Le strinsi i capelli, le sollevai il viso affinché mi guardasse dritto negli occhi e dissi: “Voglio il tuo culo, Ines! E voglio sborrarci dentro”.
“Prendilo, sì, ma fai piano, è un po' stretto. In molti ci hanno provato, ma in pochissimi ci sono riusciti”.
‘Leccami ancora il cazzo allora, bagnalo bene della tua saliva”.
“Sì, con molto piacere, mi fa impazzire il tuo cazzo in bocca”, piantandoselo fino in gola.
Quando fui sicuro che fosse ben lubrificato, la feci mettere in piedi, la spinsi delicatamente indietro, la sollevai con il culo poggiato su uno scatolone, le alzai le gambe con le ginocchia quasi sul petto, fica e buco del culo completamente esposti:”Voglio guardarti negli occhi mentre ti inculo, osservare ogni tua espressione di dolore e piacere, godendomi ogni istante”.
“Sì, mi eccita questa posizione. Fai di me ciò che vuoi, Davide. Fammi male e fammi bene! Nell'esatto istante in cui ti ho visto, la mia passera ha cominciato a bagnarsi e non ha più smesso. Un bell'uomo acculturato, gentile, elegante ed anche porco; non potevo sperare in una traversata più fortunata di questa”.
La leccai tra le cosce dalla clitoride allo sfintere, più e più volte, il suo odore e sapore di femmina in calore mi inebriò; uno sputo copioso della mia saliva la colpì dritta su ciò che stavo per profanare.
“Sì, cazzo. Sputami, monta la tua vacca, sfondami il culo. Sento la fica sbrodolare sempre di più, talmente tanto sono eccitata”.
Il glande la percorse lentamente, dapprima sulla clitoride e poi tra le grandi labbra, dove assorbì calore e maggiore umidità; si fermò giusto un attimo sullo sfintere e poi, accompagnato da un deciso colpo di reni, si infilò nel suo culo:”Guardami Ines, rilassati ed allenta i muscoli, non contrarre”, spingendo dentro il cazzo fino a metà dell'asta.
“Sì, cazzo fa un po' male, ma posso e voglio resistere”.
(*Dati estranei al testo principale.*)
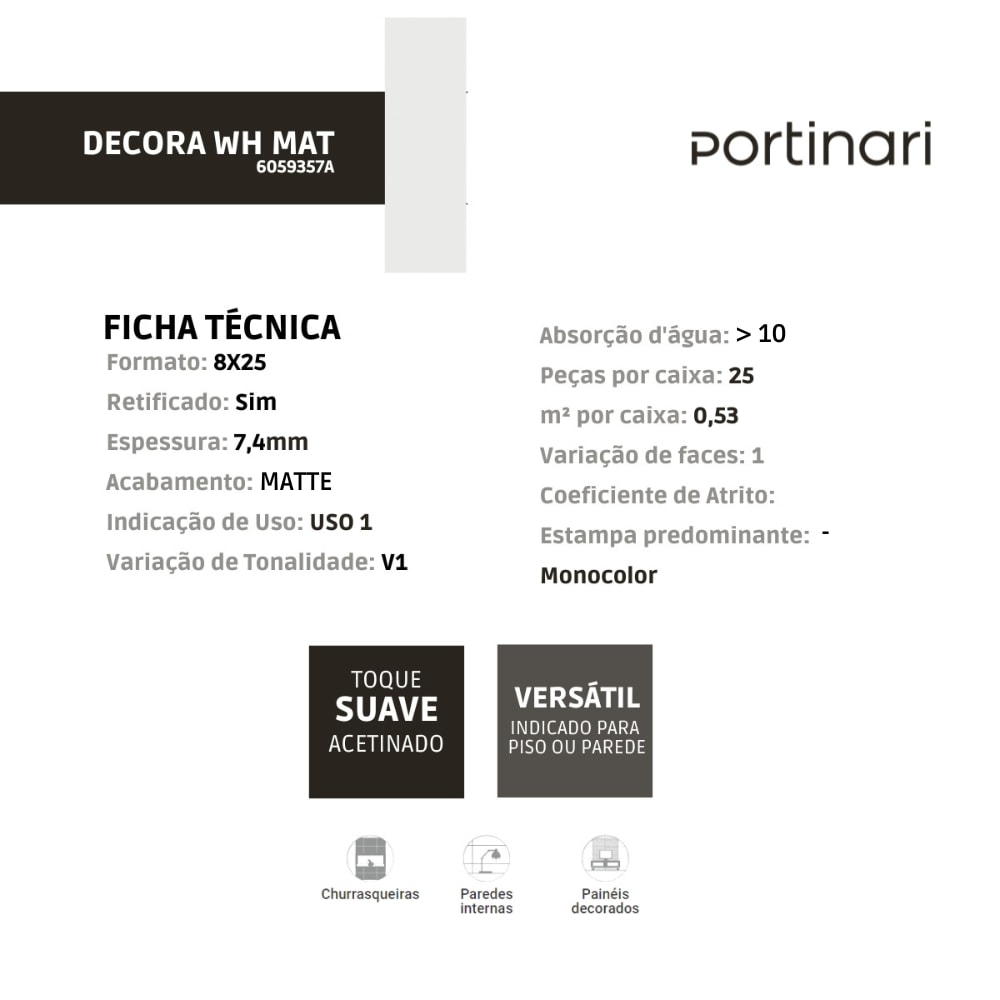 O Revestimento Portinari Decora White Matte 8x25cm Bold traz sofisticação e versatilidade aos ambientes. Com acabamento matte e design clean, suas peças pequenas permitem composições criativas e personalizadas, destacando a elegância do branco em qualquer espaço. Ideal para quem busca um toque moderno com discrição, ele harmoniza bem em cozinhas, banheiros e áreas decorativas.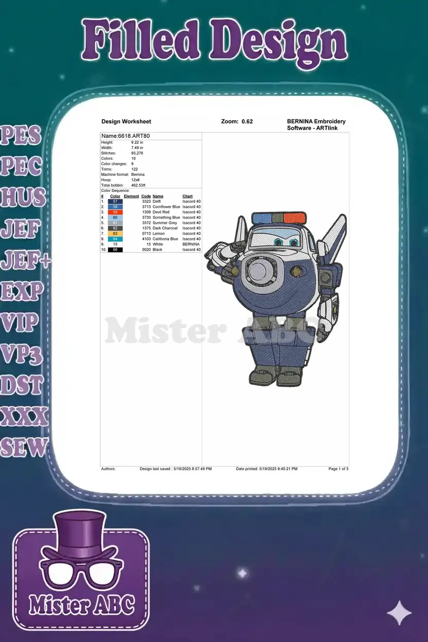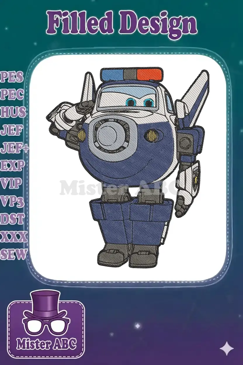 Bring heroic charm to any fabric with this vibrant Robocar Poli embroidery design, perfect for fans! This brave police car robot, Poli, saluting is ready to protect and serve on your projects. A delightful stitch for kids’ apparel and accessories.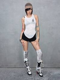 ROMWE Avant Canotta aderente da donna in stile Y2K con patchwork in rete e motivo a spartito musicale

Iniziai a muoverlo lentamente avanti e indietro, dentro e fuori finché non sentii le pareti anali cedere; fu a quel punto che lo spinsi in fondo:”Oh sì, lo sento tutto Davide, è come se una mazza da baseball mi avesse sfondata! Dolore e bruciore, ma misti a piacere”.
Dentro e fuori, dentro e fuori, a ritmo sempre più pronunciato. Il culo, adesso adeguatamente dilatato, mi accoglieva sempre più a fondo ad ogni colpo di reni ed il cazzo si bagnava di densi umori bianco rosato che ne sporcavano tutta l'asta.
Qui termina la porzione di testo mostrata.